▸ **What you need to do**:
Exact transcription, pictures omitted: reproduce the listing below.

___ Stored data ___

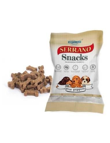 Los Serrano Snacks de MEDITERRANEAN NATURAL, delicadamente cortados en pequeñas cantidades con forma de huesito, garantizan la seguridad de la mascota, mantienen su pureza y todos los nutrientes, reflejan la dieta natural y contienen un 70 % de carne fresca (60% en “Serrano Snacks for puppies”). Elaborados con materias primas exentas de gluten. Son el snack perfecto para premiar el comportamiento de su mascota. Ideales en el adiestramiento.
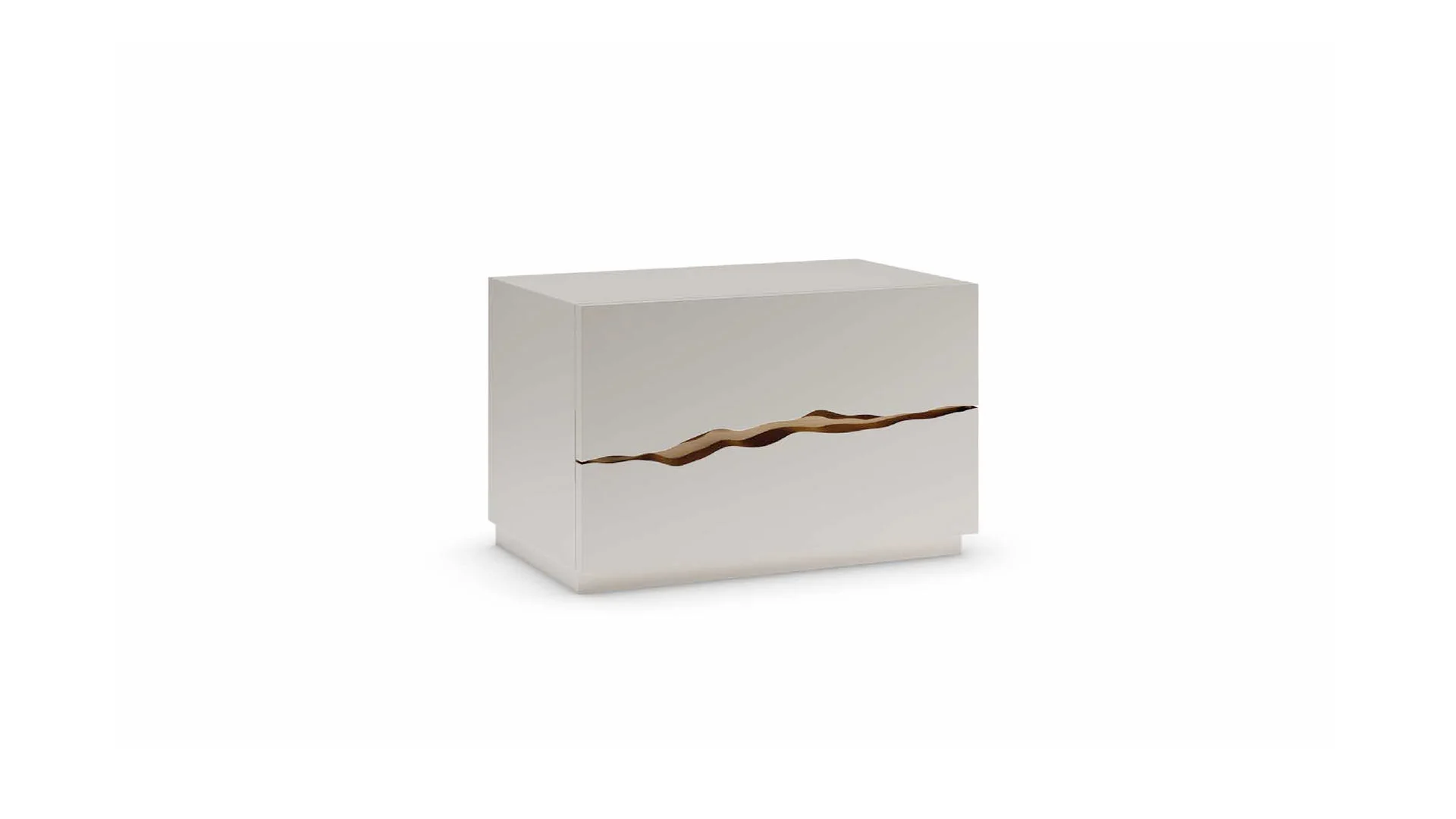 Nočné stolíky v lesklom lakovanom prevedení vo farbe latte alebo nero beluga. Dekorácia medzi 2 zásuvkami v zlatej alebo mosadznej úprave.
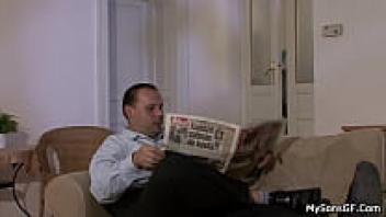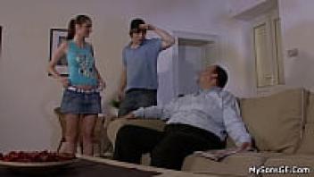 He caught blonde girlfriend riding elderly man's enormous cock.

___

▸ **Written solution**:
 Los Serrano Snacks de MEDITERRANEAN NATURAL, delicadamente cortados en pequeñas cantidades con forma de huesito, garantizan la seguridad de la mascota, mantienen su pureza y todos los nutrientes, reflejan la dieta natural y contienen un 70 % de carne fresca (60% en “Serrano Snacks for puppies”). Elaborados con materias primas exentas de gluten. Son el snack perfecto para premiar el comportamiento de su mascota. Ideales en el adiestramiento.
 Nočné stolíky v lesklom lakovanom prevedení vo farbe latte alebo nero beluga. Dekorácia medzi 2 zásuvkami v zlatej alebo mosadznej úprave.
 He caught blonde girlfriend riding elderly man's enormous cock.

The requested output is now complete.